通説は、二段階に分けて評価するという考え方です。
まず、第一段階は、相続開始時における評価です。
たとえば、相続人が配偶者と子供二人という前提で、相続財産の評価が1000万円、配偶者の特別受益200万円と評価されると、配偶者の相続分は 1000分の400、子の相続分はそれぞれ1000分の300ということになります。
なぜなら、配偶者の相続分は、相続財産+みなし相続財産の1200万円の2分の1であるから600万円ですが、特別受益は既に受領していますから、相続財産1000万円に対しては400万円の相続分を有するにすぎません。
このように、第一段階の評価の目的は、相続人の相続分を算出するために行う評価です。第二段階は、遺産分割時における評価です。

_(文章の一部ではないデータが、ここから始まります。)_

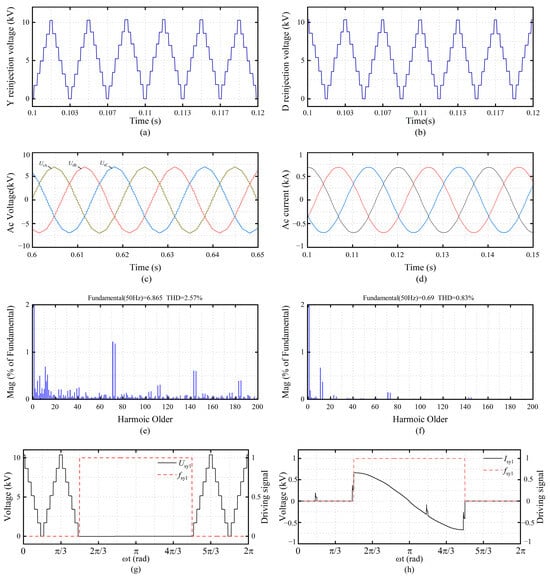 The theoretical voltage waveforms of 7-level RMVSC. (a) The switching signal of the Y main bridge. (b) The switching signal of the D main bridge. (c) Y reinjection voltage. (d) D reinjection voltage. (e) The A-phase voltage on the valve side of the Y-winding transformer. (f) The A-phase voltage on the valve side of the D-winding transformer. (g) The A-phase voltage on the grid side of the RMVSC. (h) The spectrum of the A-phase voltage.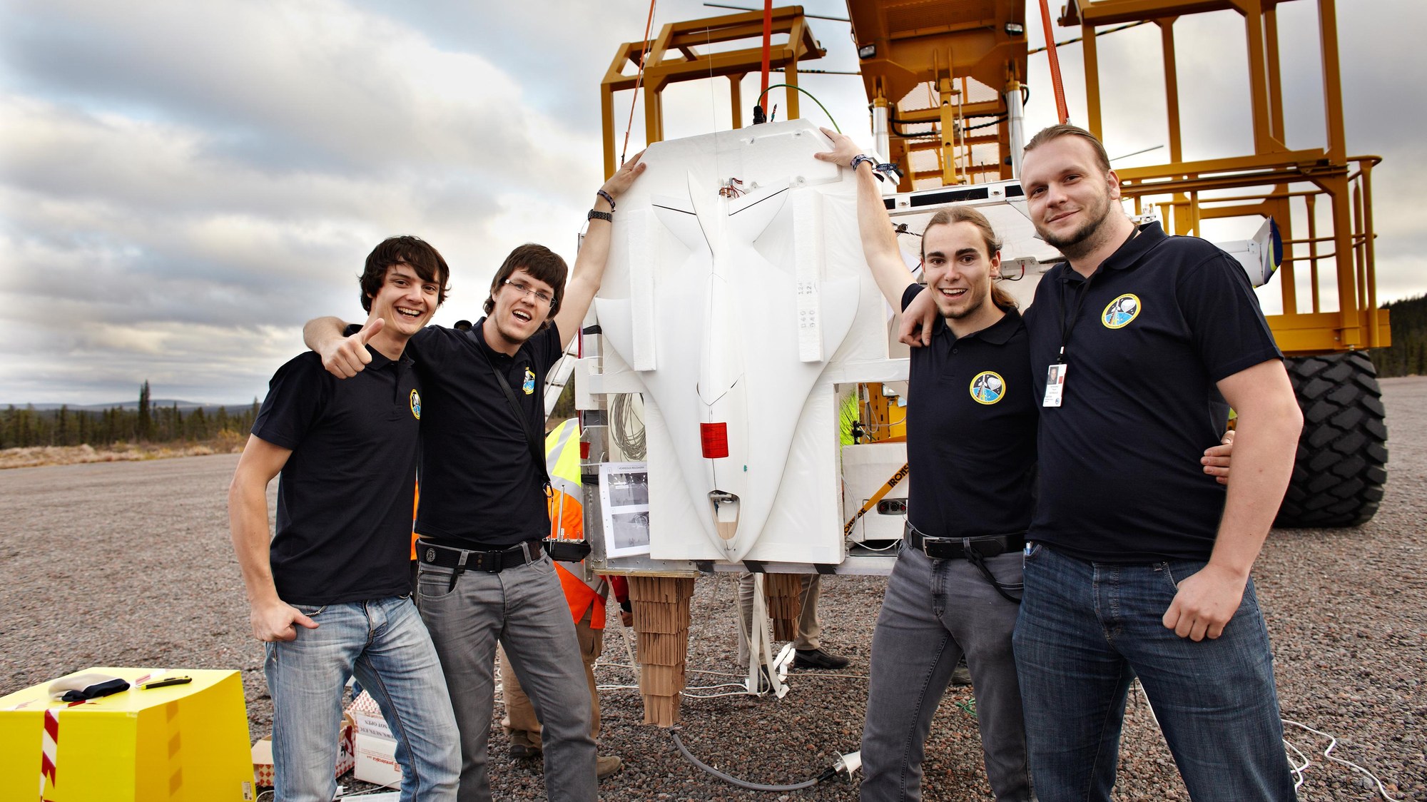 Das Team von der Universität Stuttgart testet auf dem Ballon-Flug seinen VEXREDUS-Gleiter.

たとえば、相続開始後10年後に、ようやく遺産分割の話し合いが行われたとします。相続財産のうち、不動産については相続開始の時より価値が大幅に下落していたような場合には、遺産分割時点において再度評価をしたうえで、第一段階で算出した相続分にしたがって分割を行った方が公平であるということになります。しかし、第一段階での評価を基準にして遺産分割を行ったとしても不公平にならない場合(相続の開始から遺産分割までの期間が短期間であるような場合)は、第一段階の評価=第二段階の評価となりますから、実質的には第一段階の評価にしたがって具体的な相続分を算出することになるでしょう。